Records shown
+===+

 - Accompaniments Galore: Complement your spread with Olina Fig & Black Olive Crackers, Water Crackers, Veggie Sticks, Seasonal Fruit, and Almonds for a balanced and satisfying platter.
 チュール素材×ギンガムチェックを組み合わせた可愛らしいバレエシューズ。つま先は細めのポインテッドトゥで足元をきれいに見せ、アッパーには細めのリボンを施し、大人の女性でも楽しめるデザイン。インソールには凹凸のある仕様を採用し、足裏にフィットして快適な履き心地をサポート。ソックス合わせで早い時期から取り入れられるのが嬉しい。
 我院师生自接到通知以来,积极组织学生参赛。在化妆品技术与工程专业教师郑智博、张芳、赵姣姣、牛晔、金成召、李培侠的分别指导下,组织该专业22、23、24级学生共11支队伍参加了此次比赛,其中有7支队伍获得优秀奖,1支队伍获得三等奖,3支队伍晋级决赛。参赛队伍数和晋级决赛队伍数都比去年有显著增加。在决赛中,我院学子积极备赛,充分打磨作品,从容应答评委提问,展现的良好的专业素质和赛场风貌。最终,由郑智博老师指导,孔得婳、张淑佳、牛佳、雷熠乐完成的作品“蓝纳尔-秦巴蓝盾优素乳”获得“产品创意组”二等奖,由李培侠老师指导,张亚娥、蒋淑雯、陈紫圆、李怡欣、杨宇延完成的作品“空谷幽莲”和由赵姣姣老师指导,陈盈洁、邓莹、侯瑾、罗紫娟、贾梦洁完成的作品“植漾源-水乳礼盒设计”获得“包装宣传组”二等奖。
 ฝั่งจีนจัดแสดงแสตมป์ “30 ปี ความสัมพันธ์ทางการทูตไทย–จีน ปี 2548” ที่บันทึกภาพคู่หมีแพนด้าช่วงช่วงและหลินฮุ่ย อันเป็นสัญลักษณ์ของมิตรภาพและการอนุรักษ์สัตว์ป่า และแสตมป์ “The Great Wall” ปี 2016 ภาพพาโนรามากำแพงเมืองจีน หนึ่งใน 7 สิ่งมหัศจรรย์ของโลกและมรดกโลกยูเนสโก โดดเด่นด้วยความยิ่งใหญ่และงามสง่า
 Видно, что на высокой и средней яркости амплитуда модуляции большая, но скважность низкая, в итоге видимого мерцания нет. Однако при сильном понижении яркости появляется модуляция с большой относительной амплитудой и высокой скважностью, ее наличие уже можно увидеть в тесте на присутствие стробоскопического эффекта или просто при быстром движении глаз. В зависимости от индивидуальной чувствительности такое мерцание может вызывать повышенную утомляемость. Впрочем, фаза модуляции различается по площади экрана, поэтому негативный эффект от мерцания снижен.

+===+

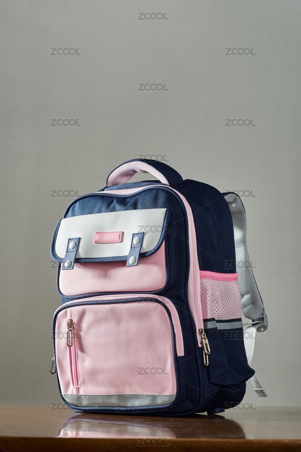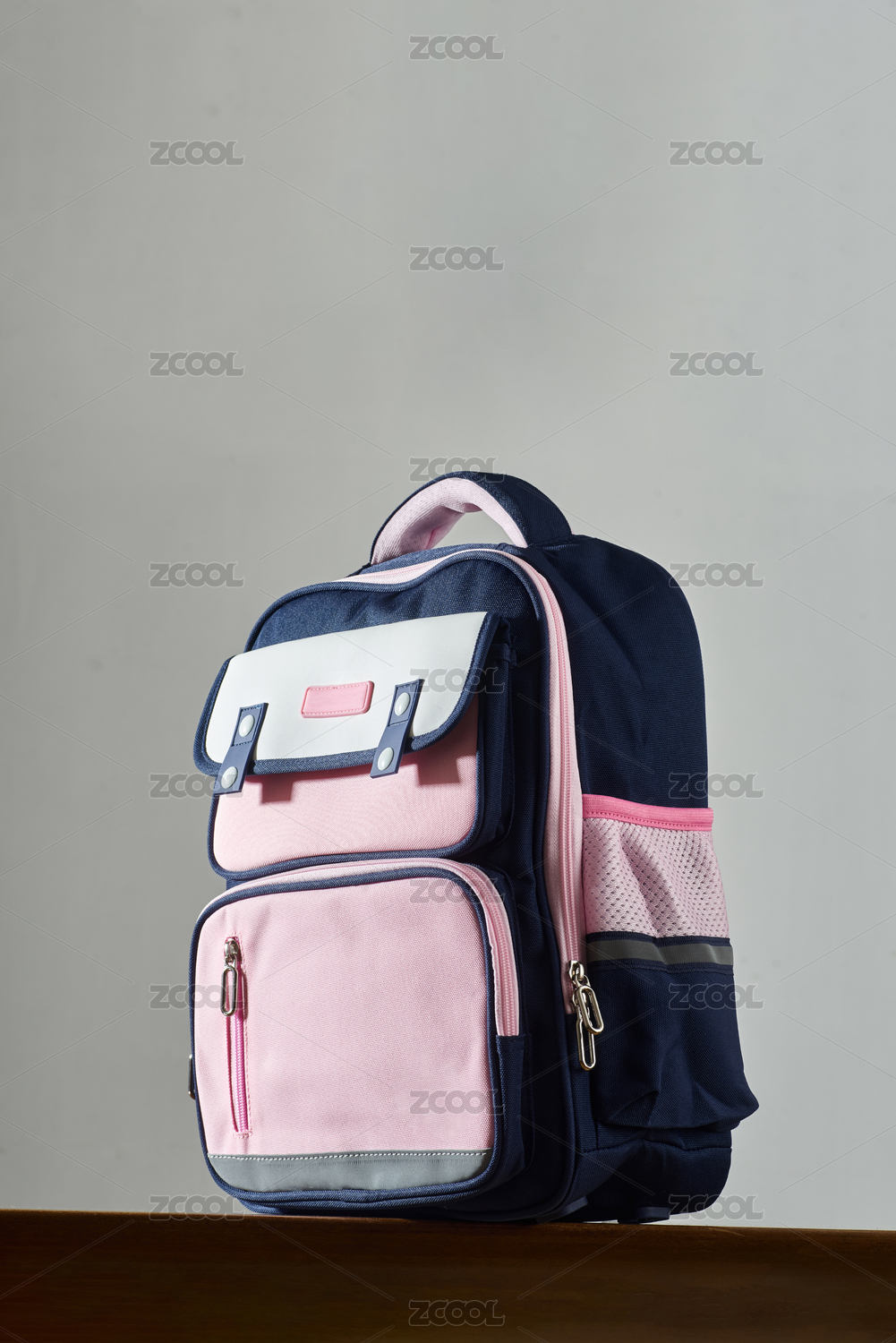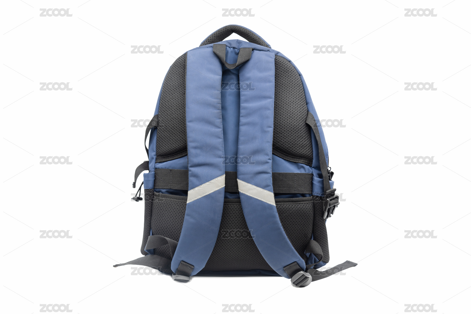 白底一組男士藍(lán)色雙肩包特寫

+===+

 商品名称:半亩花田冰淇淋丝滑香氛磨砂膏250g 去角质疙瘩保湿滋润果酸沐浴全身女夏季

+===+

Task directions
Could you reproduce, exactly, every line above from the line with "- Accompaniments Galore: Complement" to the line with "チュール素材×ギンガムチェッ", and no other line? Both ends count.

Result for this task
 - Accompaniments Galore: Complement your spread with Olina Fig & Black Olive Crackers, Water Crackers, Veggie Sticks, Seasonal Fruit, and Almonds for a balanced and satisfying platter.
 チュール素材×ギンガムチェックを組み合わせた可愛らしいバレエシューズ。つま先は細めのポインテッドトゥで足元をきれいに見せ、アッパーには細めのリボンを施し、大人の女性でも楽しめるデザイン。インソールには凹凸のある仕様を採用し、足裏にフィットして快適な履き心地をサポート。ソックス合わせで早い時期から取り入れられるのが嬉しい。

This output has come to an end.